Neo-nazi terrorism in Germany update

This video is called Series of Crimes Linked to Germany’s Neo-Nazi Groups.

By Sven Heymann in Germany:

Germany: Inquiry committee posts interim report on neo-Nazi terrorist group

19 March 2013

On March 11, an interim report was released by the state of Thuringia’s parliamentary committee investigating a series of murders committed by the National Socialist Underground (NSU) terrorist group. The report constitutes a damning indictment of the police force and secret service agency that directly aided and reinforced the extreme right in Thuringia during the 1990s.

The committee adopted the interim report by a margin of six votes. The two representatives of the Left Party, Martina Renner and Katharina King, abstained and registered a dissenting opinion. The committee’s work was impeded by the shredding of files by the intelligence agency and memory lapses alleged by police and intelligence officials. However, the 554-page report draws on investigations extending over a year to produce a devastating picture of the state authorities’ involvement in the neo-Nazi scene.

The report only covers the period up to January 26, 1998, when Uwe Böhnhardt, Uwe Mundlos and Beate Zschäpe went into hiding. The three then founded the NSU, which murdered nine Turkish-born business people and a female police officer, as well as committing numerous bank robberies in the following years. They had previously been active in the Thuringia Homeland Security (THS), a coalition of extreme right-wing groupings.

The committee accused the Thuringia State Intelligence Agency (LfV) of enlisting undercover agent Tino Brandt as “leader” of the extreme-right milieu. Brandt is regarded as the head of the Thuringia Homeland Security network and also deputy chairman of the Thuringia branch of the extreme right-wing National Democratic Party of Germany (NPD). The report claims that Brandt was the agent through whom the LfV “at least indirectly supported the structure that later radicalised the NSU trio”.

The report rejects the idea that Brandt was a “top source” in the intelligence service. Brandt was said to have provided no evidence likely to lead to prosecutions, and merely informed the agency about neo-Nazis gatherings. From 1994 to 2001, Brandt was paid more than 200,000 German marks (US$132,000) for his services—money he himself claims was invested in the consolidation of the extreme right in Thuringia.

The report assumes that the intelligence agency cautioned the police against investigating Tino Brandt, which amounts to an attempted obstruction of justice. Dorothea Marx (Social Democratic Party—SPD), chair of the inquiry committee, also regards as “not inconceivable” that members of the NSU were also protected from prosecution by forces from the ranks of the secret service.

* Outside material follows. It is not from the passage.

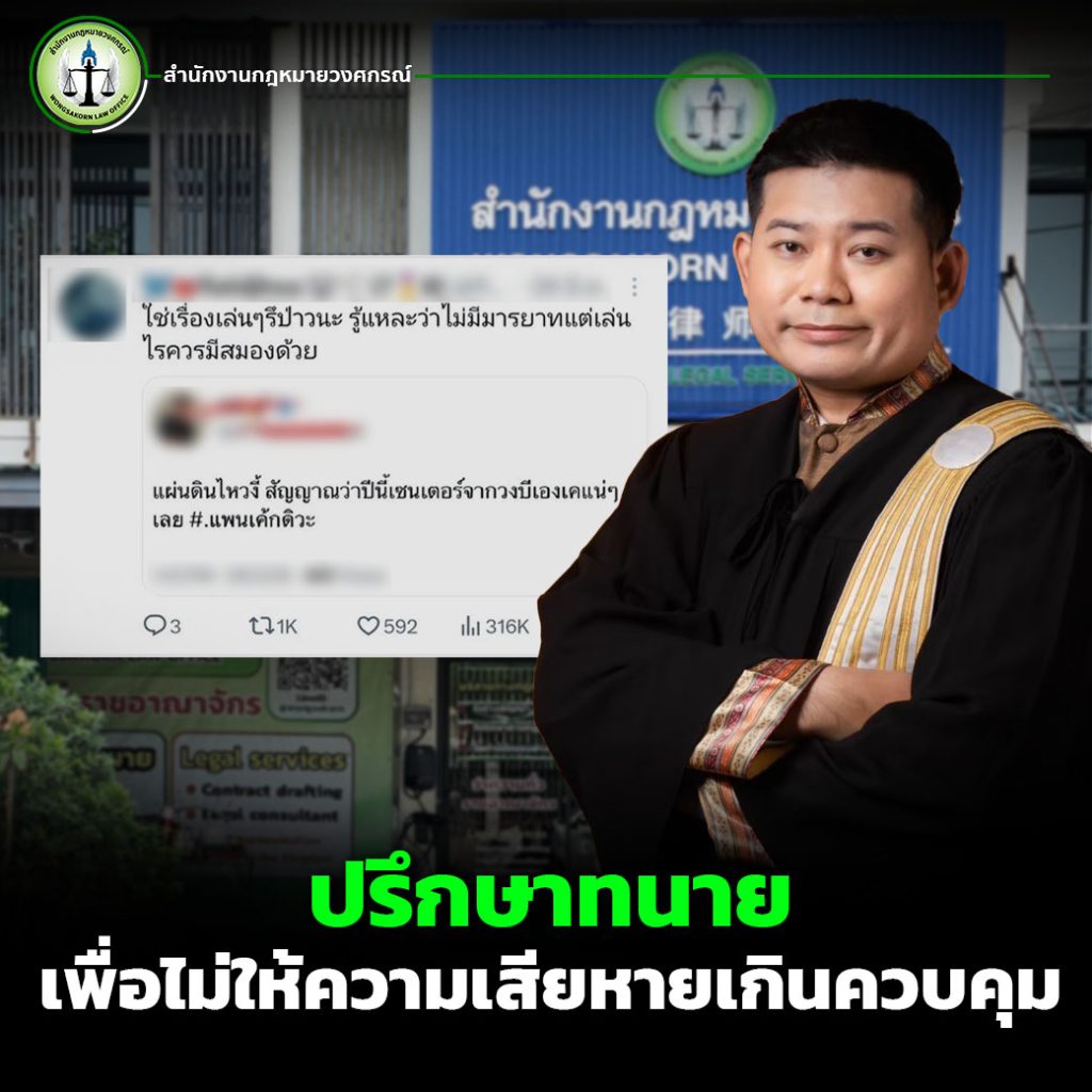 หากคุณต้องการคำปรึกษาทางกฎหมายเกี่ยวกับคดีหมิ่นประมาท ติดต่อ สำนักงานกฎหมายวงศกรณ์ ทันที เพื่อไม่ให้ความเสียหายลุกลามจนเกินควบคุม

The report also raises serious allegations against the Thuringia police. A special unit under the code name of “Rex” had been commissioned to combat right-wing extremism and operated in Thuringia until the mid-1990s, when it was disbanded. Furthermore, after 31 meetings and despite the interrogation of numerous police officers involved in the affair, the investigation committee was unable to uncover when, why or under whose authority this happened. Even leading officials professed they were unable to answer these questions.

The report also criticised the behaviour of the police in relation to the THS. Proceedings were opened against the THS on the grounds of its having established a criminal association, but they were “inconsistently” pursued and terminated in 1997. The opportunity to ban the THS, whose members included Böhnhardt, Mundlos and Zschäpe, was therefore lost.

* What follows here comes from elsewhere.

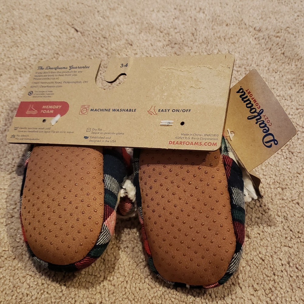 Dearfoams Cozy Comfort Memory Foam Infant Slippers " BABY BEAR" Size 3/4. New unused Free shipping (KK)...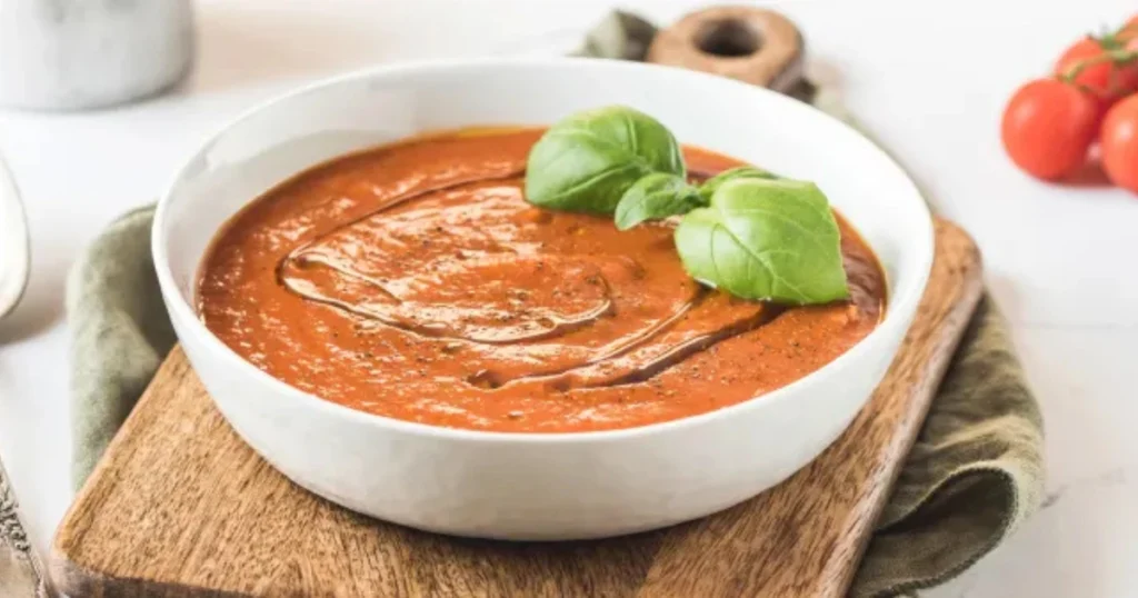 Verwandte Begriffe: Tomatensuppe Rezept, cremige Suppe, mediterrane Küche, gesunde Suppe, Basilikum Rezepte, vegane Suppe

The inquiry committee certainly portrays the conduct of the police and secret service as serious errors in an otherwise worthwhile and viable system. The radicalisation of the alleged terrorists “was promoted in the 1990s by a dominant climate of turning a blind eye, failing to mount sufficient opposition and trivialising the deeds of right-wing activists”, according to the report.

Dorothea Marx (SPD) spoke of “serious errors”, and Dirk Adams (Greens) of a “fatal lack of resolution” in the fight against racism. Both saw the state of Thuringia as partly responsible for the NSU trio developing into murderers.

Martina Renner (Left Party) went a step further, saying the behaviour of the Thuringia intelligence department was the result of individual mistakes. The thinking and conduct of the state officials were “regulated by the system”. “When it comes to the intelligence agency, we don’t see slip-ups; we see liability”, she said, accusing the secret service of “criminal acts, immoral conduct and quashing of evidence”.

But the Left Party committee members failed to express what is obvious to any unbiased observer—i.e., that the promotion of and financial support for the extreme right in Thuringia was not the result of breakdowns and sloppy work, but was politically motivated.

At the time of the fall of the Berlin Wall, right-wing groups were already being systematically channelled into former East Germany to steer protests against the Stalinist regime in a nationalist direction that eventually led to the reunification of Germany and the re-introduction of capitalism.